The part that I am more pessimistic about is that people won't draw their own lessons
from this. If you look at the early 1930's there
were a lot of reasons things blew up, it was not necessarily an unfettered free market
it was quite possibly the trade tariffs and the protectionist stuff and various bad decisions
the Federal Reserve was making on the governmental side, so you can make an argument
that it was the government that, ya know, made a sort of garden variety recession turn
into the depression and people did not think of that in that way in the 30's, they didn't
actually start talking about what the government's role was until Friedman wrote his book
in 1962 and they didn't start reversing the bad decisions they made because of their misunderstanding
of the history 'til Reagan came along in the 80's. And so, the big worry is
that people will misinterpret -- Robinson: Take entire decades to get it squared
away. Thiel: It'll take us 5 decades to get this
straightened out. I'm not that pessimistic but I think there's a very important question
of exactly what went wrong here and I don't think it had anything to do with free markets,
I think it had to do with, ya know, excessive government entanglement on the one
hand and then on the other hand, these long-term motors of growth working much less well
for -- Robinson: Than was understood. Thiel: than was understood. And part of it
was, again, excess of government entanglement and things like education. Robinson: Okay, lay blame and then figure
out what ought to be done; we're talking about government policy. Art Laugher, [assumed spelling]
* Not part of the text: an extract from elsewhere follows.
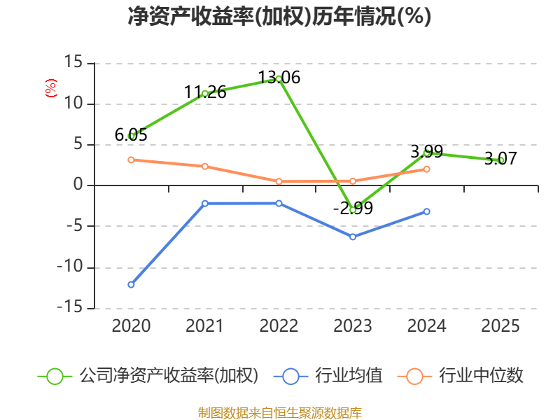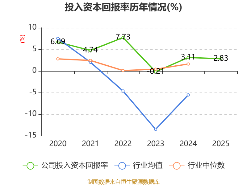 数据显示,2025年公司加权平均净资产收益率为3.07%,较上年同期下降0.92个百分点。公司2025年投入资本回报率为2.83%,较上年同期下降0.28个百分点。

"What this administration (and we're not talking about Obama, we're talking about the last
few years here) -- What this administration and congress have done will be viewed in much
the same light as what Herbert Hoover did in the years 1929 to 1932 we are now witnessing
the end of prosperity." And Art Laugher, who was an advisor to Ronald Reagan and supply
side economics and so forth, Art Laugher said Bush and this past congress, past several
congresses, largely republicans, republicans messed it up. Thiel: Well, they certainly were not -- certainly
if you look at the way the spending spiraled out of control the government
sectored that, got a lot bigger, there's a sense in which Bush was the worst president
in the U.S. since L.B.J. and L.B.J. was -- Robinson: Do you subscribe to that -- Thiel: If you just look at the amount of increased
government spending, absolutely. Robinson: You do. Thiel: Just if you -- that one metric. Now,
I think the -- why I agree with Laugher that lower taxes are very desirable and, ya know,
a very important component I think the mistake
that he makes is to assume that this is just gonna happen and, ya know, we're -- and for
some reason it's not a popular issue anymore, people want the government to take care of
them. And you have, I think we have some, ya know, the real problem is that if we have
a down cycle does this actually make the regulatory stuff even worse? The tech thing
when it ended we, ya know, however real or fake it was in the 90's, when it ended you
got Sarbanes Oxley [phonetic] you got a whole bunch of additional regulations and then it
broke it even more for the next decade. Robinson: Right Thiel: And so, the question is, now that,
ya know, there was this risk taking that was done in bad ways, are we now gonna outlaw
risk taking all together -- Robinson: Okay Thiel: and break things even more in the next
5 to 10 years. Robinson: As we sit here today we're still
some weeks from Barack Obama's taking the oath of office as the 44th president but he's
announced his economic team, Tim Geithner, Chairman of the New York Fed, Larry Summers,
former President of Harvard, former Treasury Secretary in the Clinton administration, they're
talking about a massive -- I'll let you, I don't know whether massive is the right
term, anyway -- minimum of $300,000,000,000 in public works projects and some sort of
unemployment security, some sort of -- I haven't read the details I don't know that the details
exist. You have the $750,000,000,000 bailout and the President Elect and his economic
team are already calling for an additional, at least, 300,000,000,000. Good, bad, what
should they be doing? Thiel: I don't know if it makes much -- I
don't think it's particularly good but I don't know if it makes that much of a difference.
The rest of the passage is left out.